Exercise description
In the records that follow, find the line containing "近日,经过全国高等院校计算机" and the line containing "Celebrate le feste", then transcribe both and every line between them exactly, omitting pictures.

Dataset extract
━━━━
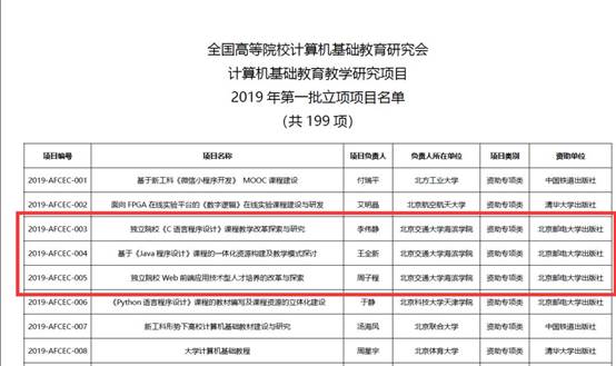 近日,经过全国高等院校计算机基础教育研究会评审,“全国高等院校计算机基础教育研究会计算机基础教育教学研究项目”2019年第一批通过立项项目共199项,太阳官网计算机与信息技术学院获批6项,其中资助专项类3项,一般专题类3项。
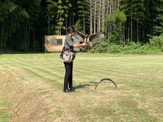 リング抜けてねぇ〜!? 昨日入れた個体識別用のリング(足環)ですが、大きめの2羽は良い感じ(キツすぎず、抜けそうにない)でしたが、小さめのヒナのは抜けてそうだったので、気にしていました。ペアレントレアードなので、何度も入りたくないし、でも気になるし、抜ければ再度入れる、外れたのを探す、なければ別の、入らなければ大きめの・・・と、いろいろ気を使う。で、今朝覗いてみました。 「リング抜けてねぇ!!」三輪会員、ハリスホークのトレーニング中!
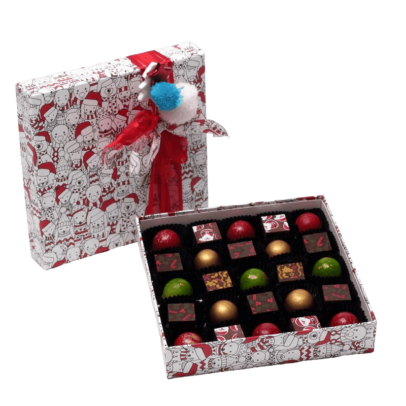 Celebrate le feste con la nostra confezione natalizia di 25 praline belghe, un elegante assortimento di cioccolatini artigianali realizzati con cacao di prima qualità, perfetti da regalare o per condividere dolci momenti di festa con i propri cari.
━━━━
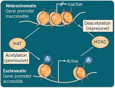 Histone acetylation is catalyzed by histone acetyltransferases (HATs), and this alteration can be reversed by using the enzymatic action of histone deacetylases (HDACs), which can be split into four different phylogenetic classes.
━━━━
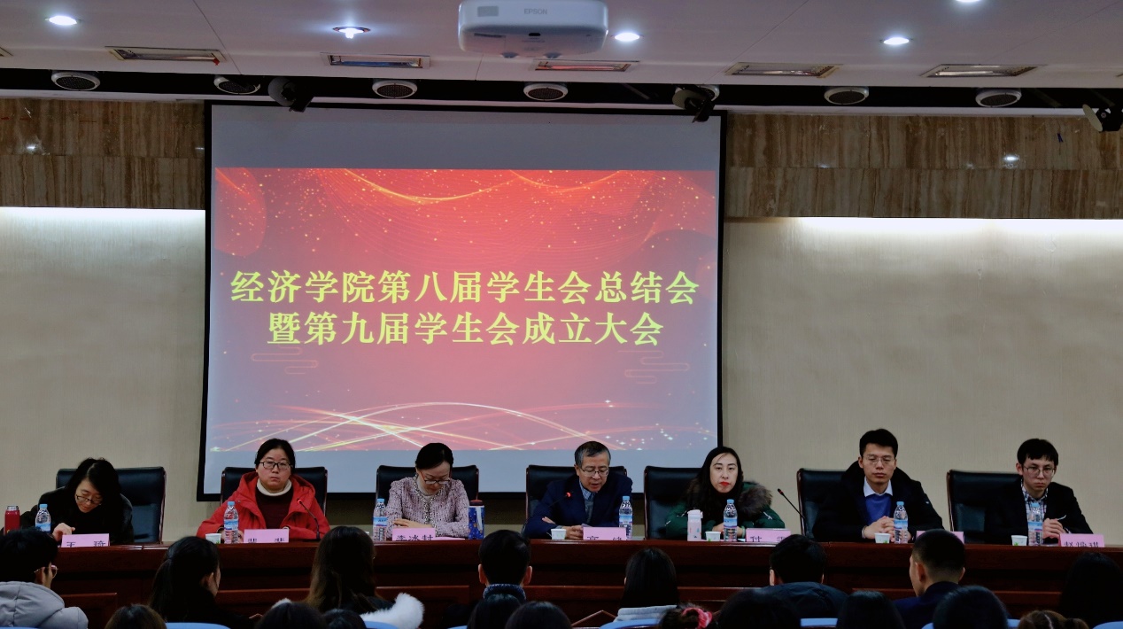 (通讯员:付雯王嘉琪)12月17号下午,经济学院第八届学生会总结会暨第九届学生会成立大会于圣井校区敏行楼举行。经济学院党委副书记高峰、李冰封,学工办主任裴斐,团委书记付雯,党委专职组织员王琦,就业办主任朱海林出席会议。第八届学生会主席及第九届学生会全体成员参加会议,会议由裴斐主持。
━━━━
Response to this exercise
 近日,经过全国高等院校计算机基础教育研究会评审,“全国高等院校计算机基础教育研究会计算机基础教育教学研究项目”2019年第一批通过立项项目共199项,太阳官网计算机与信息技术学院获批6项,其中资助专项类3项,一般专题类3项。
 リング抜けてねぇ〜!? 昨日入れた個体識別用のリング(足環)ですが、大きめの2羽は良い感じ(キツすぎず、抜けそうにない)でしたが、小さめのヒナのは抜けてそうだったので、気にしていました。ペアレントレアードなので、何度も入りたくないし、でも気になるし、抜ければ再度入れる、外れたのを探す、なければ別の、入らなければ大きめの・・・と、いろいろ気を使う。で、今朝覗いてみました。 「リング抜けてねぇ!!」三輪会員、ハリスホークのトレーニング中!
 Celebrate le feste con la nostra confezione natalizia di 25 praline belghe, un elegante assortimento di cioccolatini artigianali realizzati con cacao di prima qualità, perfetti da regalare o per condividere dolci momenti di festa con i propri cari.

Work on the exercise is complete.